5.1. Pharmacodynamic properties

Pharmacotherapeutic group: Antidepressants – Tricyclic antidepressant (melitracen) and neuroleptic of the thioxanthene group (flupentixol)
ATC-code: N06CA02

Deanxit consists of two well known and well proven compounds:

Flupentixol is a neuroleptic of the thioxanthene group with anxiolytic and antidepressant properties when given in small doses.

Melitracen is a tricyclic antidepressant with activating properties in low doses. It has similar pharmacological properties as amitriptyline but is less sedative.

In combination the compounds render a preparation with antidepressant, anxiolytic and activating properties.

5.2. Pharmacokinetic properties

Flupentixol

Flupentixol is a mixture of two geometric isomers, the active cis(Z)-flupentixol and trans(E)-flupentixol, approximately in the ratio of 1:1.

Absorption

Oral administration results in maximum serum levels in about 12 hours. Oral bioavailability is about 40%.

Distribution

The apparent volume of distribution (Vd)β is about 14.1 l/kg.

The plasma protein binding is about 99%.

Biotransformation

The metabolism of flupentixol proceeds along three main routes – sulphoxidation, side chain N-dealkylation and glucuronic acid conjugation. The metabolites are devoid of psychopharmacological activity. Flupentixol dominates over metabolites in brain and other tissues.

Elimination

The elimination half-life (T½β) is about 61 hours and the mean systemic clearance (Cls) is about 0.29 l/min.

Flupentixol is excreted mainly with faeces, but also to some degree with the urine. When tritium labelled flupentixol was administered to man the excretion pattern shows the excretion via faeces to be about 4 times the urinary excretion.

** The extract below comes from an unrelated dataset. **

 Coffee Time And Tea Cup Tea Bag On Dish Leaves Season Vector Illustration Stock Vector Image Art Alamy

In nursing mothers flupentixol is excreted in small amounts with the breast milk. The ratio milk conc./serum conc. in women is on an average 1.3.

Linearity

The kinetics is linear. Steady state plasma levels are achieved in about 7 days. The mean minimum steady state level corresponding to 5 mg flupentixol orally once-a-day was about 1.7 ng/ml (3.9 nmol/l).

Older people

Pharmacokinetic investigations have not been done in elderly patients. However, for the related thioxanthene drug, zuclopenthixol, the pharmacokinetic parameters are widely independent of the age of the patient.

Reduced hepatic function

No data available.

Reduced renal function

Based on the above characteristics for elimination it is reasonable to assume that reduced kidney function is likely not to have much influence on the serum levels of parent drug.

Melitracen

Absorption

Oral administration results in maximum serum levels in about 5 hours. Oral bioavailability is not known.

Distribution

The apparent volume of distribution (Vd)β is not known. The plasma protein binding in rats is about 89%.

Biotransformation

The metabolism of melitracen proceeds mainly by demethylation and hydroxylation. The main active metabolite is the secondary amine, litracen.

Elimination

The elimination half-life (T½β) is about 62 hours in man. The systemic clearance (Cls) is not known.

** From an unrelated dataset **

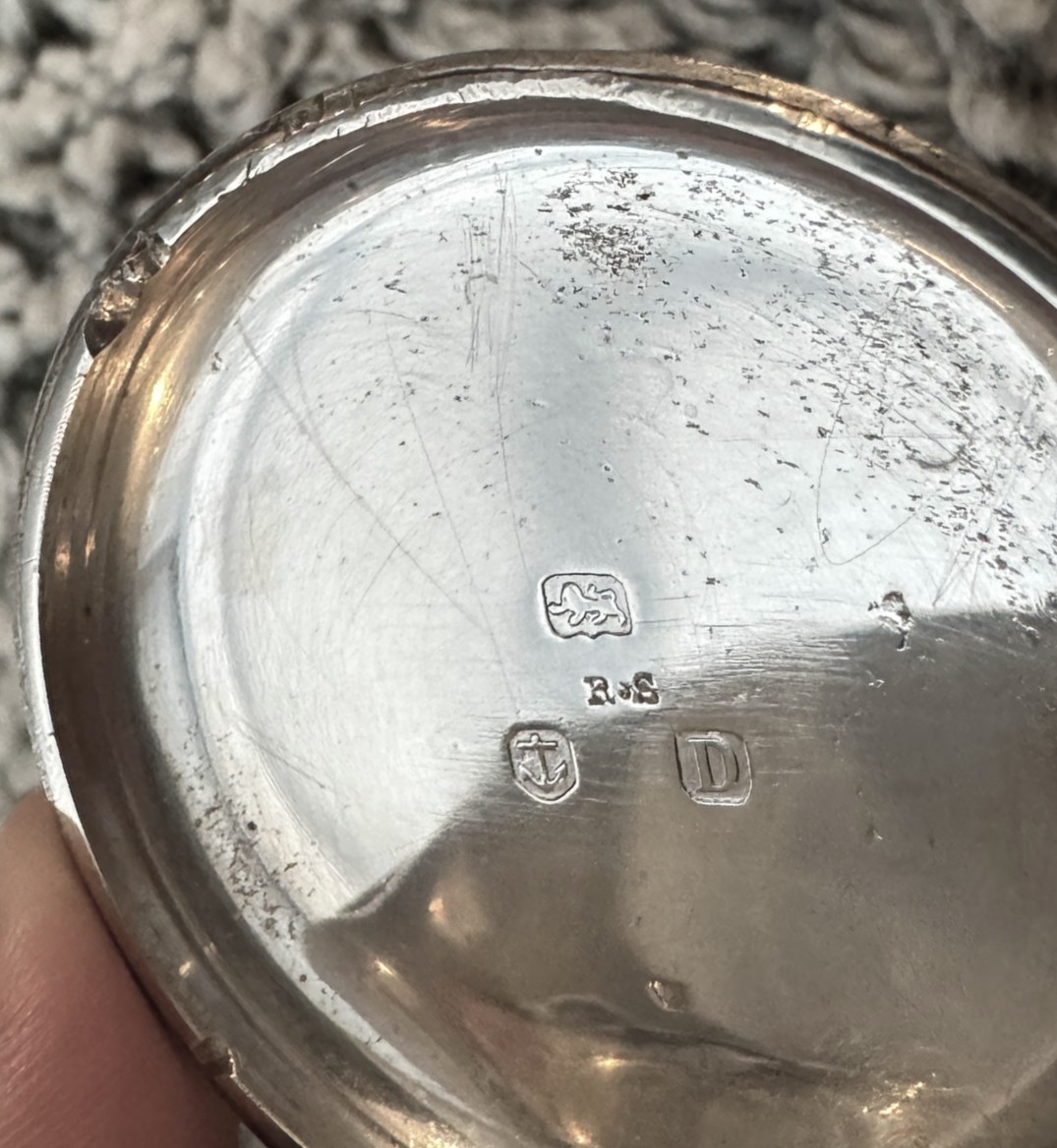 Wondering if anyone can help me identify this pocket watch hallmark. It’s a family item, I’m not concerned with its worth particularly just looking for a little more information about its time period. From what I can understand it is Birmingham silver but I’m struggling to match the letter D to the hallmark guides online. And also can’t find any more information about RS.

In rats melitracen is excreted mainly with faeces, but also to some degree with the urine. The excretion pattern showed the excretion via faeces to be about 2½ times the urinary excretion.

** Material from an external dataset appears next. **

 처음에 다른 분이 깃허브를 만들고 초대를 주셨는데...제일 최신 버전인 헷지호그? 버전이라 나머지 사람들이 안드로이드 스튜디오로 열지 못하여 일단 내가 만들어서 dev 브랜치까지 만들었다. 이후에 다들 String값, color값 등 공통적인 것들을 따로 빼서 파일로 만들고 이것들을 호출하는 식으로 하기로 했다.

It is not known whether melitracen is excreted with breast milk.

Older people

No data available.

Reduced hepatic function

No data available.

Reduced renal function

No data available.

5.3. Preclinical safety data

Acute toxicity

Flupentixol has low acute toxicity, but the acute toxicity of tricyclic antidepressants including melitracen is high.

Chronic toxicity

In chronic toxicity studies there were no findings of concern for the therapeutic use of flupentixol or melitracen.

Reproduction toxicity

In preclinical fertility studies in rats, where flupentixol and melitracen were administered separately slight effects on fertility were noted. Flupentixol slightly affected the pregnancy rate of female rats, whereas melitracen slightly repressed fertility and fecundity of male rats. Effects were seen at doses well in excess of those applied during clinical use.

Combination of flupentixol and melitracen did not induce major malformations or affect pregnancy and embryofoetal development in rats or rabbits. In mice melitracen was associated with lower foetal body weight, but no major malformations were noted.

No effect on parturition or postnatal development of melitracen was noted in mice or rats.